Hierarchical Light Transformer Ensembles for Multimodal Trajectory Forecasting
Adrien Lafage, Mathieu Barbier, Gianni Franchi, David Filliat
TL;DR
The paper tackles multimodal trajectory forecasting for safety-critical systems by introducing Hierarchical Light Transformer Ensembles (HLT-Ens), which combine a hierarchical density representation with an efficient, grouped-transformer ensembling framework. A novel Hierarchical Winner-Takes-All (HWTA) loss trains a two-level mixture model consisting of meta-modes and sub-modes, paired with Grouped Fully-Connected (GFC) and Grouped Multi-head Attention (GMHA) to realize lightweight, diverse subnetworks.
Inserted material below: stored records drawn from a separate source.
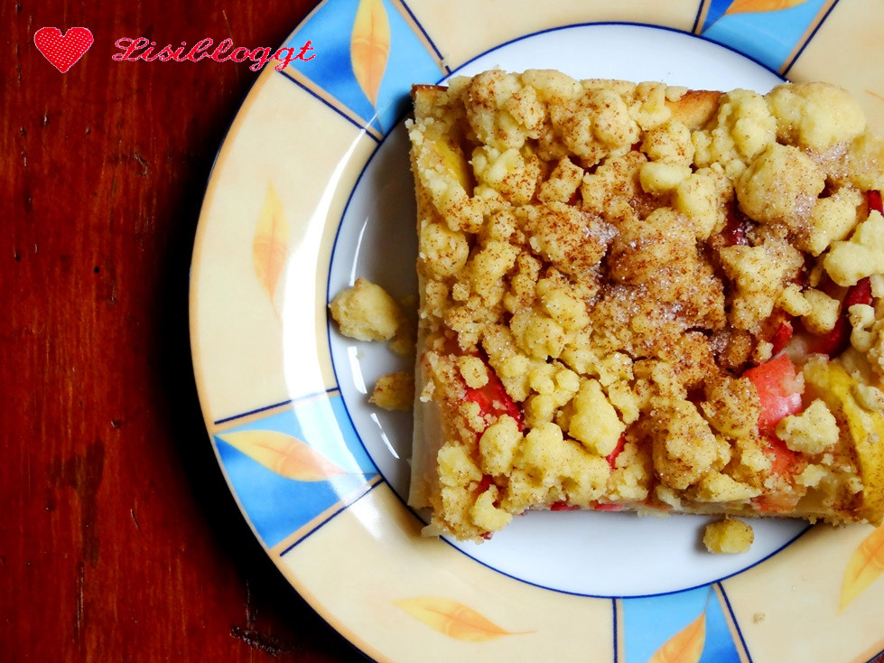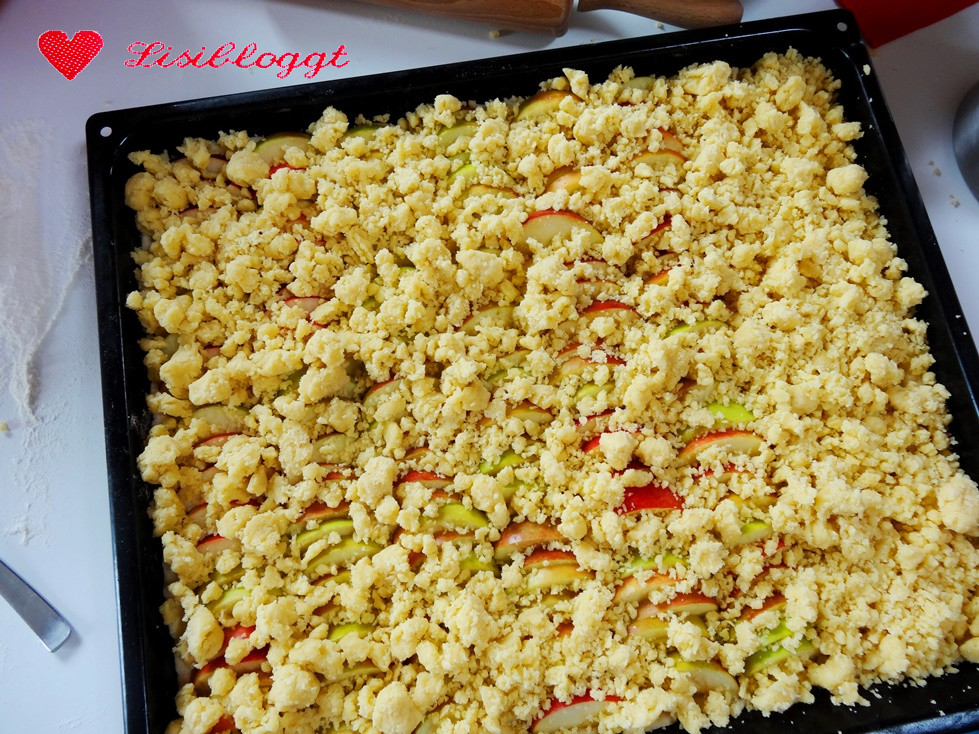 Wenn Du den Kuchen belegt hast, verteilst Du die Streusel gleichmäßig über dem Kuchen. Du kannst auch einen Streifen ohne Streusel lassen, dann ist es eben nur ein leckeres Stück Apfelkuchen ohne Streusel.
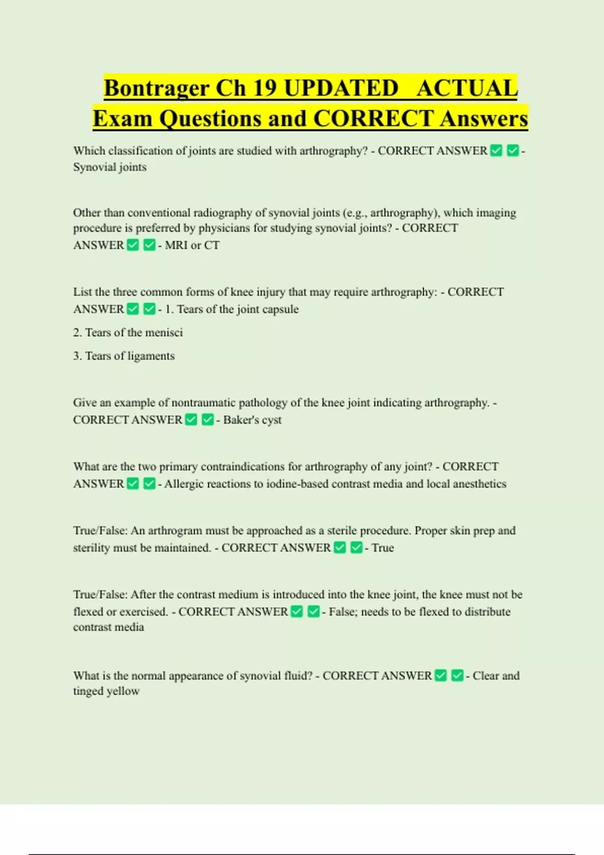 procedure is preferred by physicians for studying synovial joints? - CORRECT
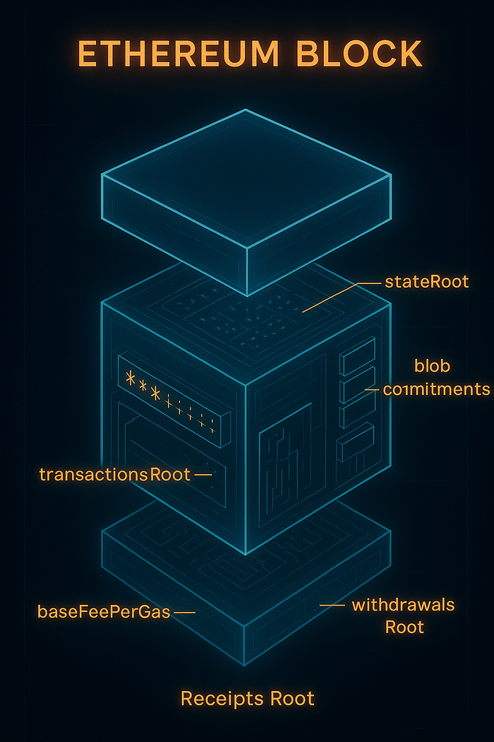 Deeper still: the stateRoot. This is the fingerprint of the entire world at this moment — every ETH balance, every smart-contract storage slot, every DeFi position for 120 million addresses. One byte off in a single DeFi pool in Vietnam and this root would be completely different.
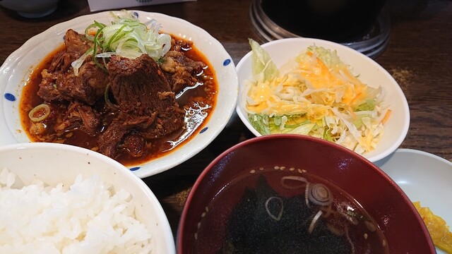 週末のお昼に。 ここ、相棒から美味しいと聞いてて、来たかったんですよね〜。 11時ジャストに到着。 本当に路地裏ですね。 準備中の札が出ておりましたが、2〜3分待っていたら開店しました。 注文はもちろん、お目当ての激辛牛スジ煮込み定食。 あと瓶ビール。 定食あっという間に出... 続きを読む»
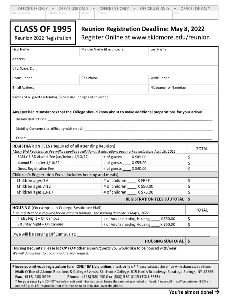 Reunion 2022 RegistrationFirst NameInitialsOFFICE USE ONLYHousingOFFICE USE ONLY
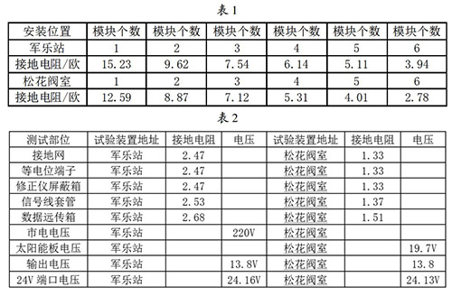 接地网的安装与连接:接地网是整个液体涡轮计量表防雷试验比较关键的一个内容,能不能准确的论证试验的有效性,必须保证接地网达到标准的接地电阻,通过对实地地电阻率的测试,初步选择6个接地??槁裆璨⑴溆媒底杓潦褂茫甙沧氨卟馐灾钡酱锏奖曜贾岛蟛乓氲鹊缥幌?。在军乐站和松花阀室安装??椴⒉馐允菁?。

The approach yields meta-mode–level predictions that are robust and size-efficient, enabling fast compression of the prediction set while preserving coverage of the multimodal distribution. Experiments on Argoverse 1 and Interaction demonstrate state-of-the-art results with substantially lower computational cost than traditional deep ensembles, highlighting practical potential for real-time, uncertainty-aware trajectory forecasting. The work advances the design of scalable, interpretable multimodal forecasts by integrating hierarchical density modeling with transformer-based ensembling.
Abstract
Accurate trajectory forecasting is crucial for the performance of various systems, such as advanced driver-assistance systems and self-driving vehicles. These forecasts allow us to anticipate events that lead to collisions and, therefore, to mitigate them. Deep Neural Networks have excelled in motion forecasting, but overconfidence and weak uncertainty quantification persist. Deep Ensembles address these concerns, yet applying them to multimodal distributions remains challenging. In this paper, we propose a novel approach named Hierarchical Light Transformer Ensembles (HLT-Ens) aimed at efficiently training an ensemble of Transformer architectures using a novel hierarchical loss function. HLT-Ens leverages grouped fully connected layers, inspired by grouped convolution techniques, to capture multimodal distributions effectively. We demonstrate that HLT-Ens achieves state-of-the-art performance levels through extensive experimentation, offering a promising avenue for improving trajectory forecasting techniques.